§ WHAT THE EXERCISE ASKS:
Could you retype the whole listing word for word and drop the images?

§ EXERCISE DATA:
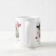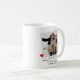 Drôle cadeau personnalisé mignon pour un couple qui a rencontré par des rencontres en ligne! Design présente une photographie des lovebirds avec le texte "It was love at first swipe!", leurs noms et un couple de coeurs rouges. Le design est répété de part et d'autre de la tasse. Un cadeau de jour de valentines parfait.
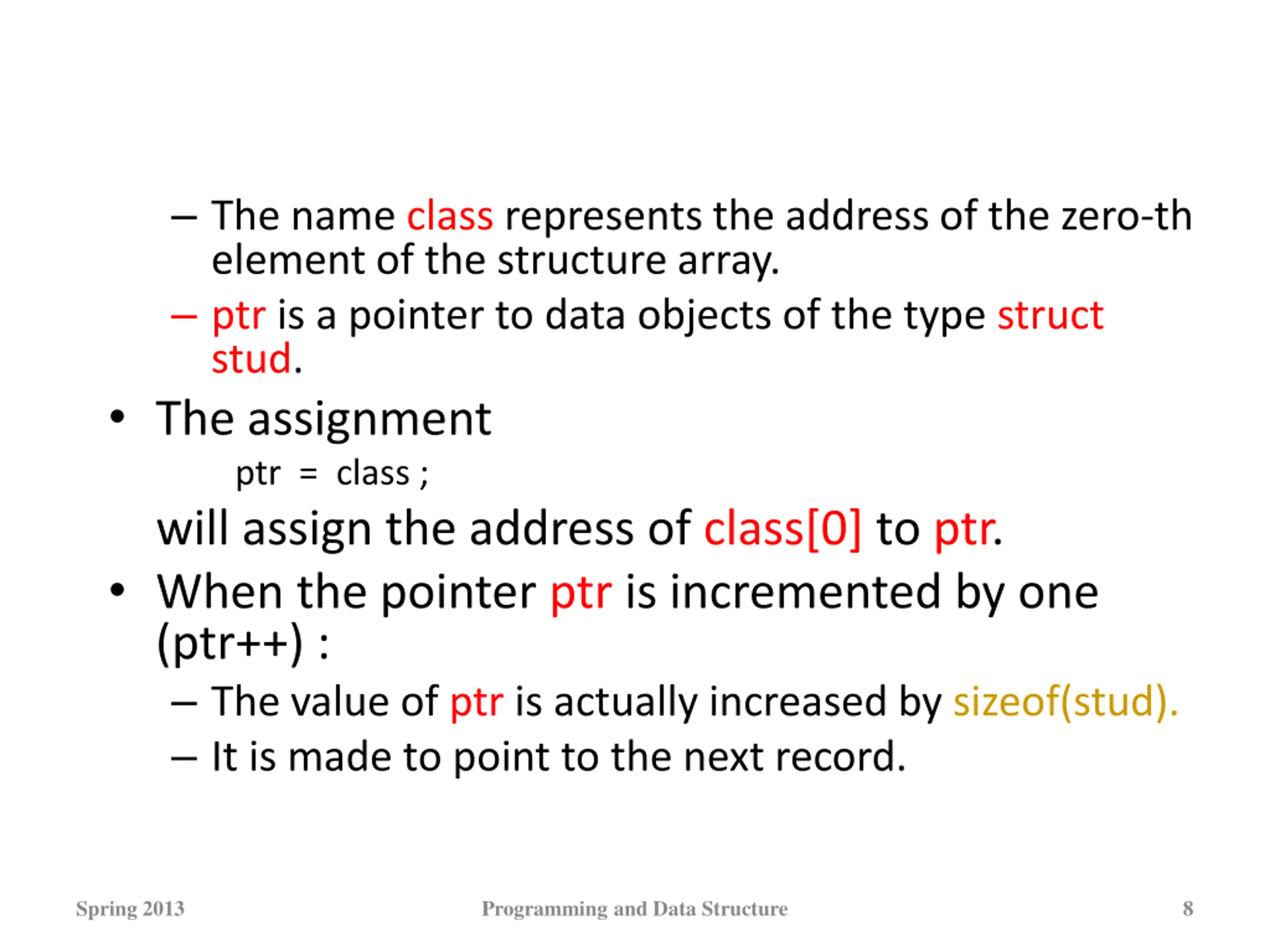 The name class represents the address of the zero-th element of the structure array. ptr is a pointer to data objects of the type struct stud. The assignment ptr = class ; will assign the address of class[0] to ptr. When the pointer ptr is incremented by one (ptr++) : The value of ptr is actually increased by sizeof(stud). It is made to point to the next record. Spring 2013 Programming and Data Structure 8
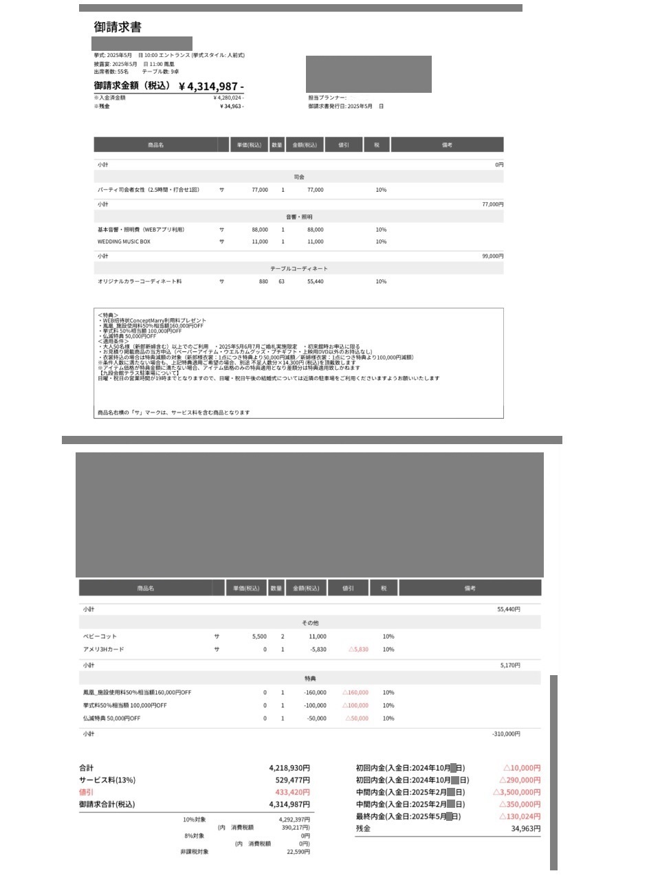 ※料金実例では申込金などを含む会場に支払った"総額"を表示しています。また、料金明細画像の項目名をもとに独自の基準で分類しています。
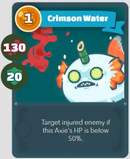 | À | Piranha | Eau cramoisie | 1/120/30 | Ciblez l’ennemi blessé si les PV de cet Axie sont inférieurs à 50 %. |

§ SOLUTION TO THIS PROBLEM:
 Drôle cadeau personnalisé mignon pour un couple qui a rencontré par des rencontres en ligne! Design présente une photographie des lovebirds avec le texte "It was love at first swipe!", leurs noms et un couple de coeurs rouges. Le design est répété de part et d'autre de la tasse. Un cadeau de jour de valentines parfait.
 The name class represents the address of the zero-th element of the structure array. ptr is a pointer to data objects of the type struct stud. The assignment ptr = class ; will assign the address of class[0] to ptr. When the pointer ptr is incremented by one (ptr++) : The value of ptr is actually increased by sizeof(stud). It is made to point to the next record. Spring 2013 Programming and Data Structure 8
 ※料金実例では申込金などを含む会場に支払った"総額"を表示しています。また、料金明細画像の項目名をもとに独自の基準で分類しています。
 | À | Piranha | Eau cramoisie | 1/120/30 | Ciblez l’ennemi blessé si les PV de cet Axie sont inférieurs à 50 %. |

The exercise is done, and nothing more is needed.